Стихотворение, действительно, бёклиновское. В этом лирическом этюде можно увидеть черты экфрасиса: описание одинокой фигуры, стоящей на берегу и смотрящей на воду, перекликается с подобным же изображением одинокого романтика на полотнах живописца. Упоминание имени художника в самом финале стихотворения («Как Бёклина мечты») не оставляет у читателя сомнений в том, чье творчество является источником образности данного текста:

Какие дни! Как светит золотая

Аллея тополей!

В садах разлита свежесть молодая

Последних ясных дней.

По гравию спускается аллея

К песчаной полосе,

Где, на прозрачном мраморе краснея,

Лежит листва в росе.

А ниже мрамор чистый и холодный

И лодка на руле

Качаются в прозрачности подводной, В лазурном хрустале.

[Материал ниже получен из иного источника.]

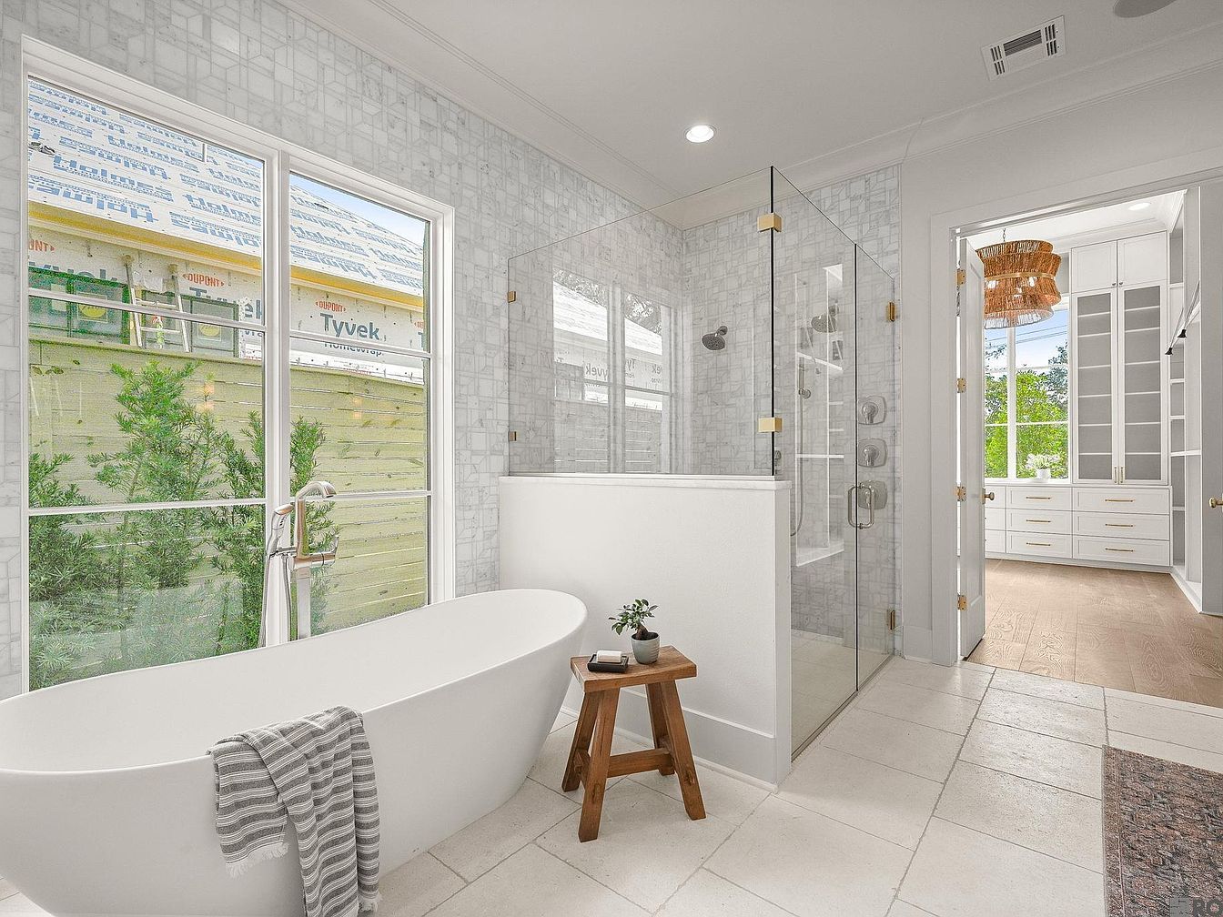 This bathroom features a modern, clean design with a freestanding oval bathtub positioned beside large windows that bring in abundant natural light. The walls are adorned with subtle patterned tiles in muted gray and white tones, creating a sophisticated backdrop. Next to the tub is a small wooden stool holding a potted plant and soap, adding warmth and a touch of nature. A frameless glass shower with brass hardware occupies the corner, complementing the room’s minimalist style. The floor is tiled in pale stone, and through the doorway, a bright walk-in closet with white cabinetry and wooden flooring is visible, enhancing the sense of luxury and openness.

И долго-долго, глаз не отрывая, Гляжу я, как вода,

К моим ногам на мрамор наплывая, Восходит иногда

И вниз скользит, не насыщая взгляда,

И счастьем красоты

Зовет к себе, как юная наяда,

Как Бёклина мечты!2

[Бунин 2014, 2: 233]

Бунину импонировали мотивы одиночества и смерти, воплощенные художником на знаменитых полотнах. Помимо «Виллы у моря», это картины «Руины у моря», «Обитель блаженных», «Остров мертвых». Мраморная пристань и лодка у ее ступеней запечатлены как раз на последнем из перечисленных полотен. А тополиная аллея, залитая солнцем, с описания которой начинается стихотворение, изображена художником на картине «Священная роща». Образы стихотворения Бунина собирательны, и нельзя утверждать, что он опирается только на мотивы Бёклина, однако они здесь отчетливо звучат.

Отточенная четкость линий, особый трагический колорит и лиричность изображения природы поражала и привлекала русского писателя в пейзажной живописи Бёклина. 24 марта 1916 года Бунин отмечает: «Яркий, настоящий весенний день. Крупные облака в серых деревьях, серые стволы имеют необыкновенно прелестный тон и глянец. Напоминает картины Бэклина» [Бунин 1988: 361]. В дневниковой записи 1917 г. от 3 октября он пишет: «Шли дорожкой — впереди березы, их стволы, дальше трубы тонкие пихт, серая тьма и сквозь это — сине-каменное небо (солнце было сзади нас, четвертый час). Бёклин поймал новое, дивное. А как качаются эти тонкие трубы в острых сучках на стволах! Как плавно, плавно и все в разные стороны!» [Бунин 1988: 385]. Бунин не поясняет, что же новое смог уловить швейцарский художник, но можно предпо-

2 Выделение курсивом по стихотворному тексту здесь и далее мое. — Е.К.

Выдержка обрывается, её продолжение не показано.